2017/10/01 10:00

1歳の息子がひらく難民とのコミュニケーション 〈NNNドキュメント'17 サーメル 子連れ写真家とシリア難民〉

写真家・小松由佳。1歳になったばかりの息子・サーメルを小脇に抱え、ヨルダンに降り立つ。4週間の撮影の目的は、シリア難民を撮ること。日本では、シリア人の夫・ラドワンさんが待つ。シリアの砂漠で恋に落ちた2人が日本で暮らすことになったのは、今世紀最大の人道危機・シリア内戦の影響だった。家族と散り散りになり、ラドワンさんだけが由佳さんを頼る形で日本にやってきたのだ。

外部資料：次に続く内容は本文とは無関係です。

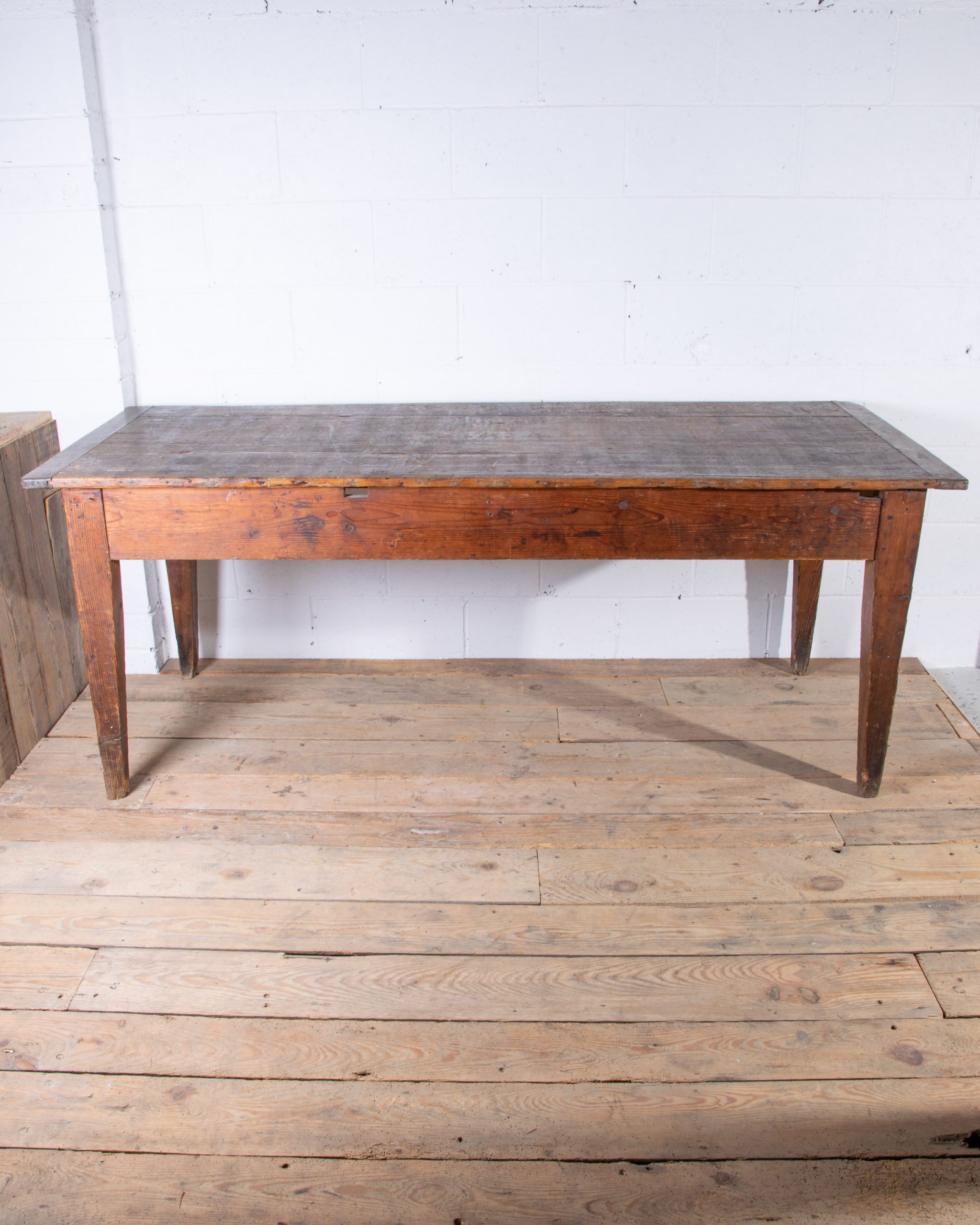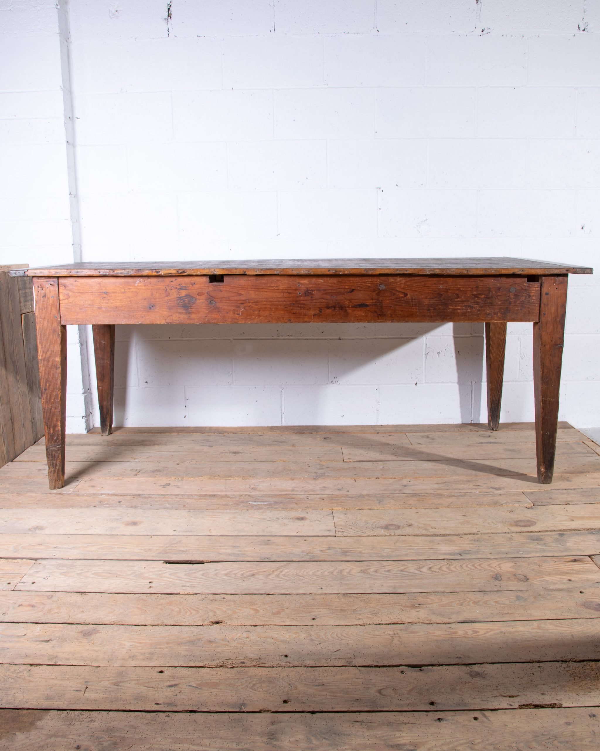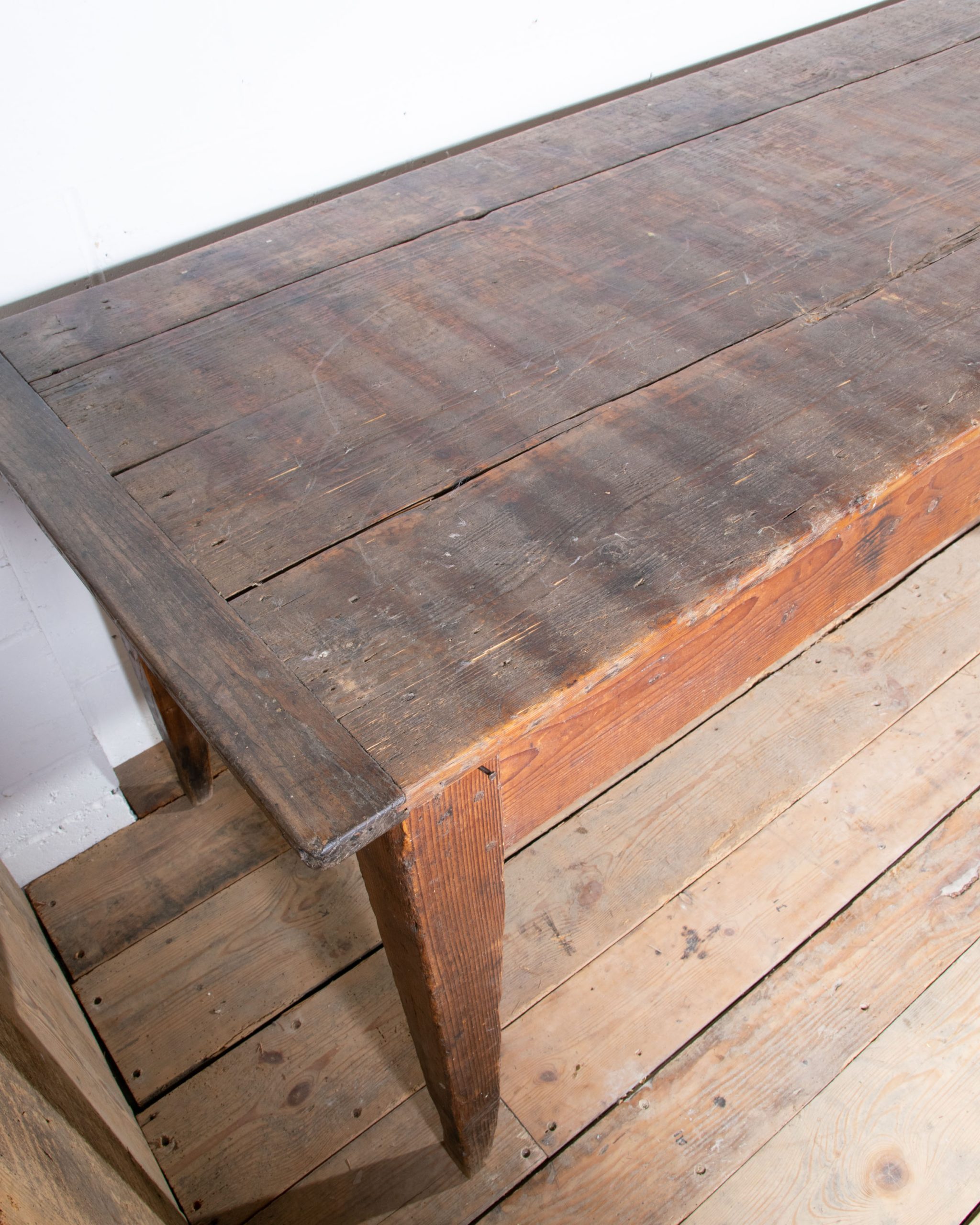 An early 20th century vintage pine table probably originally in a post office or municipal office which could be used as a dining or display table.

大変な状況だけれど、希望を持って生きる。生活が苦しいのは勿論だが、その部分だけを引き延ばして映したいわけじゃない。日本に住む自分たちと、何ら変わらない、日常の喜びを映したい。だからこそ、彼女の撮影は、話を聞くところから始まる。子だくさんの母の話を聞きながら、自分も息子のオムツを変える。難民の女性たちが読み書きを教わる場では、一緒に授業の席に座る。子連れ、女性。危険地帯では大きな弱点になるその姿が、すっと馴染む武器になる。どこにだって女性の暮らしがあり、子どもの無邪気さは変わらない。無論、サーメルはどこでも人気者だ。ぎゅっと小さな体を抱えると、自然と笑顔がこぼれる。